Jeong Seong Hyun
Department of Hematology-Oncology, Ajou University School of Medicine, Suwon, Korea.
Blood Res. 2022 Apr 30;57(S1):120-129. doi: 10.5045/br.2022.2022054.
Treatment of indolent lymphoma has improved significantly in recent decades since the advent of rituximab (anti-CD20 monoclonal antibody). Although, some patients with limited disease can be cured with radiation therapy alone, most patients experience disease progression and recurrence during follow-up despite early initiation of treatment. Thus, watch-and-wait is still regarded the standard for asymptomatic patients. Patients with indolent lymphoma have a significant heterogeneity in terms of tumor burden, symptoms (according to anatomical sites) and the need for instant therapy.
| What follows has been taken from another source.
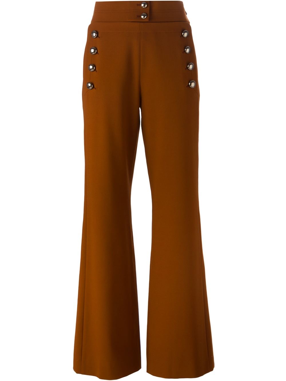 - Chloé 褐色 弹性初剪羊毛 阔腿喇叭裤。 高腰, 正面纽扣, 侧置口袋, 侧置纽扣, 阔腿。

Therefore, the initiation of treatment and treatment option should be decided with a clear goal in each patient according to the need for therapy and clinical benefits with the chosen treatment. In this review, we cover the current treatment of follicular lymphoma and marginal zone lymphoma.
自利妥昔单抗(抗CD20单克隆抗体)问世以来,近几十年来惰性淋巴瘤的治疗有了显著改善。尽管一些疾病局限的患者仅通过放射治疗即可治愈,但大多数患者即使早期开始治疗,在随访期间仍会出现疾病进展和复发。因此,观察等待仍被视为无症状患者的标准治疗方式。惰性淋巴瘤患者在肿瘤负荷、症状(根据解剖部位)以及立即治疗的需求方面存在显著异质性。因此,应根据治疗需求和所选治疗的临床获益,为每位患者明确目标后再决定治疗的启动和治疗方案。在本综述中,我们涵盖了滤泡性淋巴瘤和边缘区淋巴瘤的当前治疗方法。